> **Assignment**: Skip every picture, and output exactly the lines starting at the one with "报告显示,浪潮软件2025年" and running through the last line of the material below.

··· Provided material ···

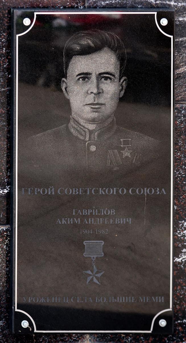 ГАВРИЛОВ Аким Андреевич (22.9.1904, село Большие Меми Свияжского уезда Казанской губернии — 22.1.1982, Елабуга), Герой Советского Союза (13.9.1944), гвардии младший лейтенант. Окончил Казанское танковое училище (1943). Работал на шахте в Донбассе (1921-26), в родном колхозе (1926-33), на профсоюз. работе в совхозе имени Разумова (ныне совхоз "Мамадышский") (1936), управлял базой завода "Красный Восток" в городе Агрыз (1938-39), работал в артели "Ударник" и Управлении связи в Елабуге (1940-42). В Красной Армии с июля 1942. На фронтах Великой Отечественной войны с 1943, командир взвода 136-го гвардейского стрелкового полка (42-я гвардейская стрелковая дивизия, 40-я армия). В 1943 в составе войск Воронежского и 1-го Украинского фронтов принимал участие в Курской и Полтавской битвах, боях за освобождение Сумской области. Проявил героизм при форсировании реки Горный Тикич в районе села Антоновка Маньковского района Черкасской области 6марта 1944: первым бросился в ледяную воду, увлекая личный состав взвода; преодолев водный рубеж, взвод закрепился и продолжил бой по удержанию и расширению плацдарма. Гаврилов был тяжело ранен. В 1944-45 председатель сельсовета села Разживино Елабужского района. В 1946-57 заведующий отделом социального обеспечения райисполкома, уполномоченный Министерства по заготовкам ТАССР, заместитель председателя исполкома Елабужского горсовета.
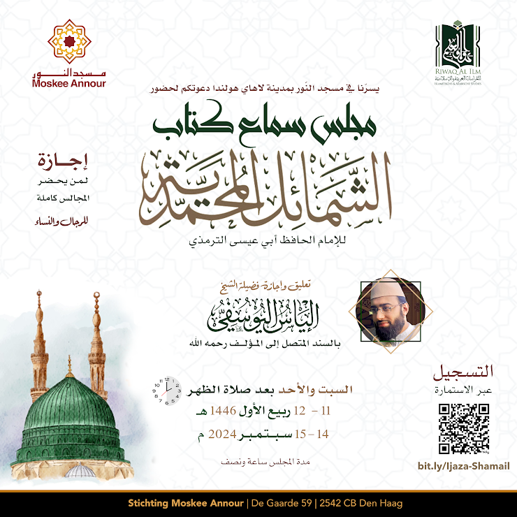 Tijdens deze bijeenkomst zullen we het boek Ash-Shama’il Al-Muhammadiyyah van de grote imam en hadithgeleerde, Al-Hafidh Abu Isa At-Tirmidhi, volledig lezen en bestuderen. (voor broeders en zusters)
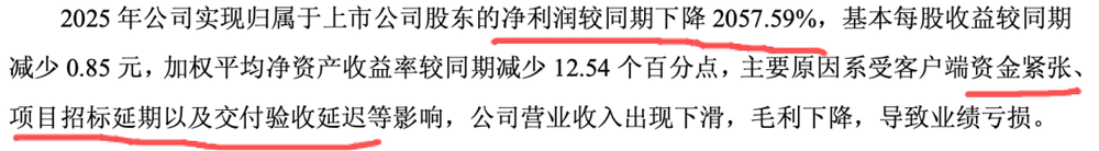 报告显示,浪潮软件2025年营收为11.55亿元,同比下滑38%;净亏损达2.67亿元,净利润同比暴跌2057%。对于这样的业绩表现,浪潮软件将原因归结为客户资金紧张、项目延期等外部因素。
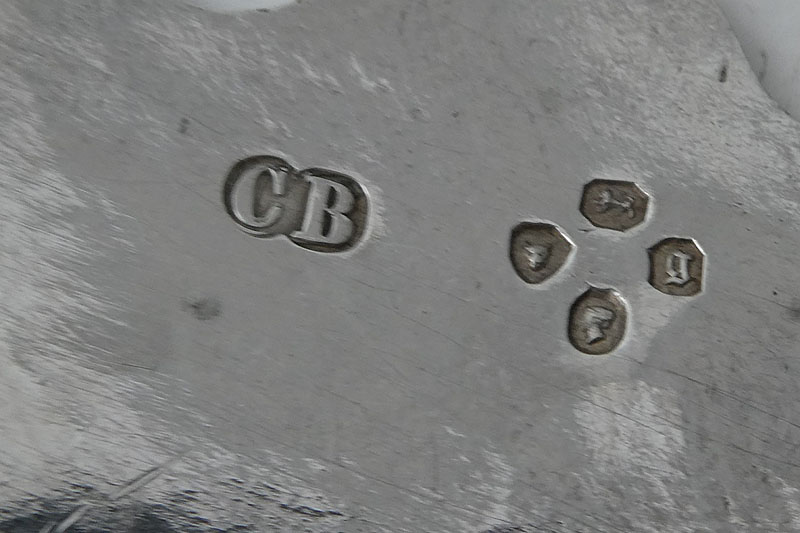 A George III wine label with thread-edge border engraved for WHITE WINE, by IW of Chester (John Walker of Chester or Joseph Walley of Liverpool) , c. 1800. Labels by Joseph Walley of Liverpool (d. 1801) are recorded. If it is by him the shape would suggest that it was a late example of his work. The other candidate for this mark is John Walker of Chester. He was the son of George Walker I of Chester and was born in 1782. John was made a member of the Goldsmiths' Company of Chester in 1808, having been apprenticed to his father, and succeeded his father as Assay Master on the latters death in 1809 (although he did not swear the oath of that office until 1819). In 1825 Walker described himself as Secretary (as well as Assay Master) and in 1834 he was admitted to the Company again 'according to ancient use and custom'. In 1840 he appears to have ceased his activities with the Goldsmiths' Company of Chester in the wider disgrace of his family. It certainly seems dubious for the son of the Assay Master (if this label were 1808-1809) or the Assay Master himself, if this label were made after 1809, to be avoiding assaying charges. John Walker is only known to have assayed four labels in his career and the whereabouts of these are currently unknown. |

···

> **Solution for this problem**:
 报告显示,浪潮软件2025年营收为11.55亿元,同比下滑38%;净亏损达2.67亿元,净利润同比暴跌2057%。对于这样的业绩表现,浪潮软件将原因归结为客户资金紧张、项目延期等外部因素。
 A George III wine label with thread-edge border engraved for WHITE WINE, by IW of Chester (John Walker of Chester or Joseph Walley of Liverpool) , c. 1800. Labels by Joseph Walley of Liverpool (d. 1801) are recorded. If it is by him the shape would suggest that it was a late example of his work. The other candidate for this mark is John Walker of Chester. He was the son of George Walker I of Chester and was born in 1782. John was made a member of the Goldsmiths' Company of Chester in 1808, having been apprenticed to his father, and succeeded his father as Assay Master on the latters death in 1809 (although he did not swear the oath of that office until 1819). In 1825 Walker described himself as Secretary (as well as Assay Master) and in 1834 he was admitted to the Company again 'according to ancient use and custom'. In 1840 he appears to have ceased his activities with the Goldsmiths' Company of Chester in the wider disgrace of his family. It certainly seems dubious for the son of the Assay Master (if this label were 1808-1809) or the Assay Master himself, if this label were made after 1809, to be avoiding assaying charges. John Walker is only known to have assayed four labels in his career and the whereabouts of these are currently unknown. |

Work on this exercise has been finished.